Why aren’t there more women leading design teams at top tech companies? Of course, there’s the problem of corporate culture generally (and tech culture specifically) that makes the path to leadership disproportionately stressful for women.
I also believe this gap has more to do with the way women are socialized. For example, Carol Dweck’s work at Stanford shows that teachers and parents praise little girls to develop fixed mindsets about their abilities, making it difficult for them to develop urgent optimism (i.e., persistence).
Moreover, girls are way more likely to follow the rules and do their homework, compared to boys. They also feel the pressure to be “perfect” in light of messages from media and the entertainment industry. These very tendencies undermine design leadership, which requires one to act quickly, question constraints, and make a ton of mistakes.

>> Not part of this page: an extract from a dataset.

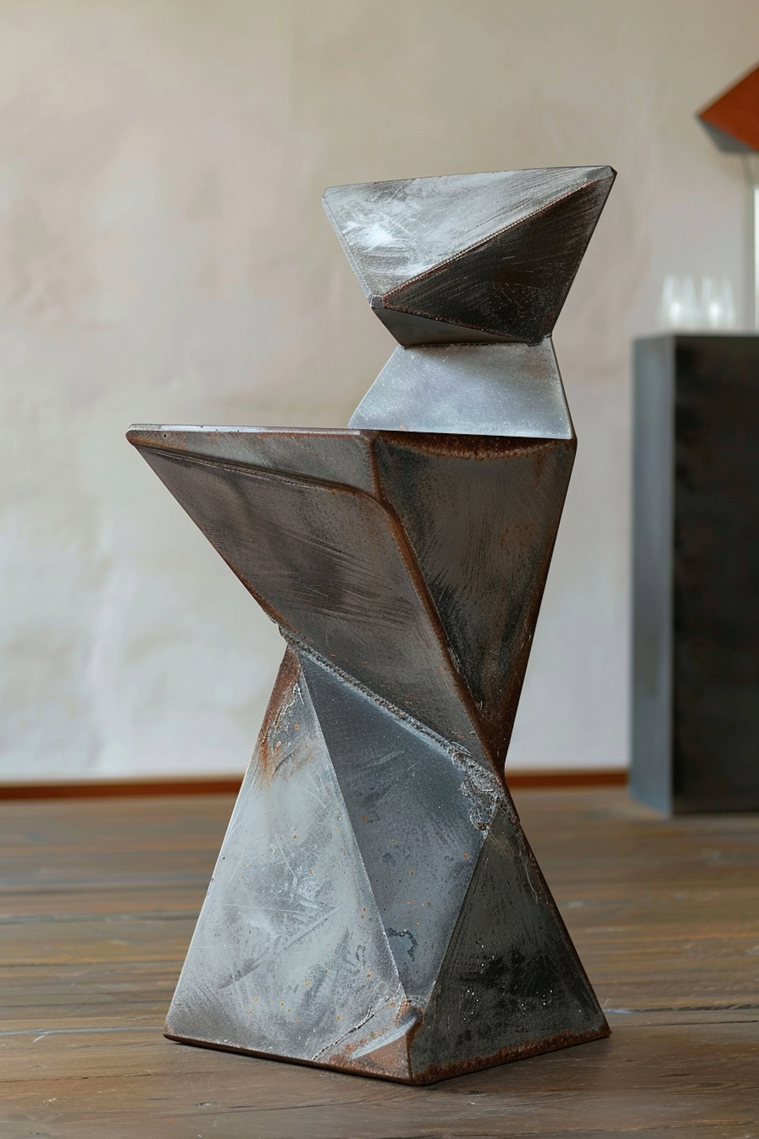 Abstract metal sculpture with geometric shapes and weathered texture, set against a neutral background on a wooden floor.

As an attitude that is experimental and embraces mistakes, creative confidence could be the antidote if women and companies embrace it as important. Inspired by this idea, Designer Fund recently facilitated a panel of top women leaders from Dropbox, Asana, and Wealthfront who shared their tips on boosting creative confidence:
The fear of making mistakes (e.g., perfectionism) is what often what prevents women from sharing their opinions and voices in the first place. Kristen Spilman, head of Brand Design at Dropbox assumed their new playful human-like illustration style would definitely not touch the business product. After a lot of testing and listening, however, she realized she was wrong: “It’s always okay to surface vulnerability and say, I was wrong. Let’s ditch [that rule], and see what happens.”
It’s easy to get discouraged when we get push-back on an idea or direction, unless you reframe the disagreement as an opportunity for further collaboration and learning. Early in her career, one company hired Amanda Linden (now Head of Product Design at Asana) to redesign their product but didn’t want her to change the logo. She decided to direct a few explorations of the logo at the end after the redesign. At that moment, it became apparent to everyone that an updated logo made the most sense. “There’s a richer conversation that happens when you bring your idea and their idea and you look at them side-by-side.”
Kate Aronowitz, VP of Design at Wealthfront encourages emerging designers to take on projects, even if they feel like they can’t do them: “I’ve seen so many projects come along that people are like, ‘I don’t want to touch that, that’s too hard,’ and many times it’s a real beast but in the end, somebody’s going to become triumphant over that, so I encourage people to just say yes.”
To build upon these tips, companies need to invest in women’s leadership development initiatives, with a focus on unlearning mindsets–such as perfectionism–that stifle creative confidence. If we want more women leading design, it’s important we continue showcasing role models that inspire future generations of women designers to step up.